20 May 2016

Exploring the changes in food law 500 years since the first recorded food regulation was introduced

The Reinheitsgebot regulation, also known as the "German Beer Purity Law" or the "Bavarian Purity Law" in English, was introduced in 1516 and stipulated that the "only ingredients used for the brewing of beer must be barley, hops and water." Its purpose was to ensure the quality of a product, protect the consumer and threaten legal sanction against non-compliers. This was hundreds of years before consumer protection laws came into force.

As a result of this law, thousands of regulations covering the ever expanding food industry have since been created, introduced, reviewed and updated, instigating the food industry's journey of commitment to deliver safe and quality products to the consumer. They help to ensure that organisations along the entire global food supply chain utilise best practices and consistently deliver safe products to the consumer. Globalisation and advances in technology have both created a complex food supply chain with numerous and diverse stakeholders facilitating the process. Third party organisations like Intertek provide guidance to these organisations and help them to ensure compliance with the wealth of regulations in existence today. These have been put into place to address the challenges concerning food production, processing, distribution, packaging, retailing and labelling.

Food fraud is becoming increasingly prominent around the world, but has occurred within the supply chain for centuries. Regulations have therefore been put in place to minimise this risk for food businesses, with the help of third party organisations such as Intertek, who can, for example, provide a comprehensive range of untargeted screening and targeted adulteration methods to assess honey authenticity. As a latest innovation to minimise the risk of food fraud, we have recently launched an accredited analysis method for the direct quantification of mannose in honey using the liquid chromatography testing technique as an additional marker for adulteration with sugar syrups. In authentic honey, higher concentrations of mannose can be considered as unnatural and therefore indicate an unauthorised addition of sugar syrup.

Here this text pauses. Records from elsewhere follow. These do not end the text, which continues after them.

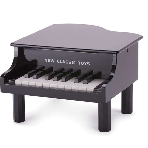 Acest pian negru din lemn este perfect pentru micii muzicieni care iubesc sunetele.
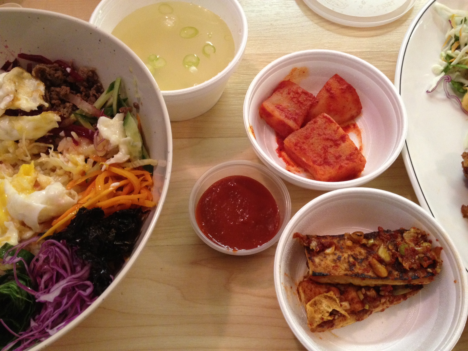 The bibimbap is not served with the ubiquitous cabbage kimchee (at least not the day I ordered.) Instead, it came with a side of seared tofu with scallions and spicy sauce, pickled radishes, Korean hot sauce, and soup. The soup tasted similar to salt water with a little scallion flavoring, but the tofu was outstanding. I would order just that as a meal with a side of rice.
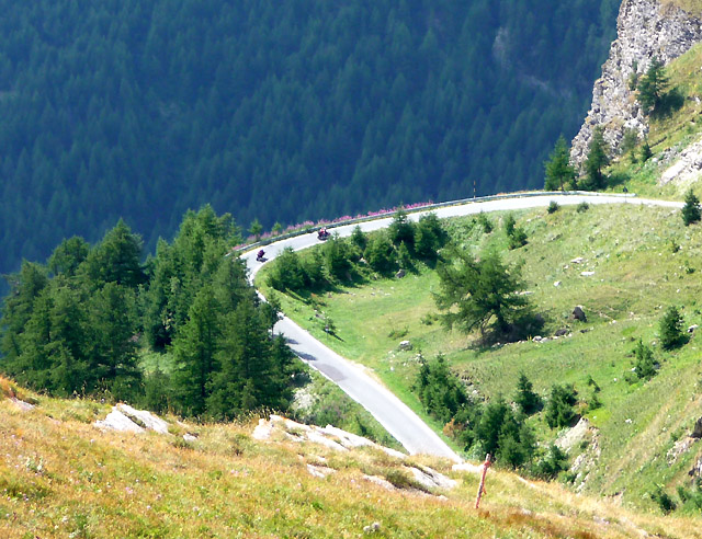 Diese Stelle liegt direkt am Abgrund, ist mehrere Kilometer von der Passhöhe entfernt, kann von dieser aber gesehen werden.
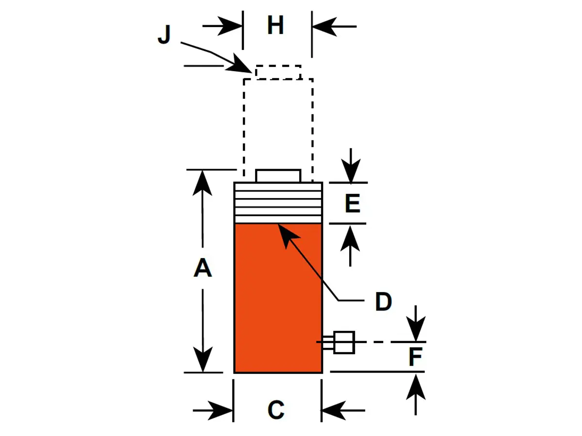 | Model | Kapasite | Strok | Etki Alanı | Yağ Hacmi | Kapalı Boy | Dış Çap | Rot Çapı | Kaplin Mesafesi | E | D | J | Ağırlık |
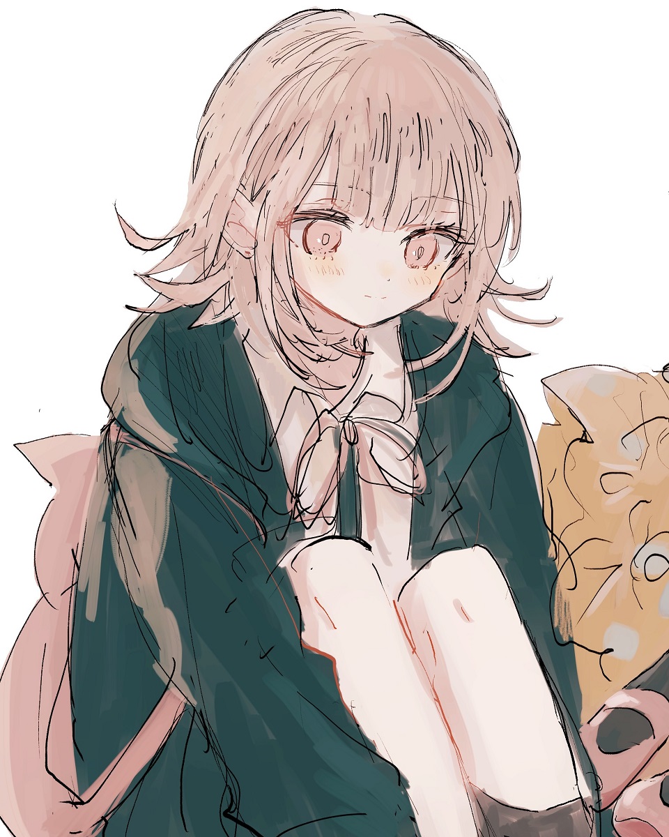 1girl backpack bag black_shirt blush closed_mouth collared_shirt danganronpa_(series) danganronpa_2:_goodbye_despair flipped_hair grey_shirt hair_ornament highres hood hood_down jacket long_sleeves medium_hair nanami_chiaki neck_ribbon no_hair_ornament nocoyaki pink_bag pink_eyes ribbon shirt shoes unworn_shoes solo two-tone_shirt white_background

Additionally, food labelling laws have also developed as a result of the Reinheitsgebot regulation and can create challenges for business wishing to export products to multiple markets due to the differing requirements for each country. Intertek's label validation service has been developed to address this challenge; focusing on food businesses wishing to sell in multiple markets and is supported by our network of experts across more than 100 countries. We provide regulatory translation and validation services to assess product labelling and to ensure that every aspect, including layout and language, complies with national and international legislation. We also evaluate product ingredients to ensure that they are allowed and are within legal limits.

The industry needs to ensure that it stays up-to-date with all upcoming regulatory changes in order to avoid costly delays to market. Two new upcoming food labelling laws within Thailand and Australia are key examples of new regulations to be aware of for businesses trading in these countries. From the 2nd December, 2016, labels on pre-packed foods in Thailand must comply with the Thai Ministry of Public Health Notification No.367 (2014), marking the end of a two-year transition period. Additionally, the Australian Government has created an Information Standard which sets out the new Country of Origin labelling requirements for food sold within the country. This new law will commence on the 1st July, 2016 and businesses will have a two year transition period until the new labels become mandatory.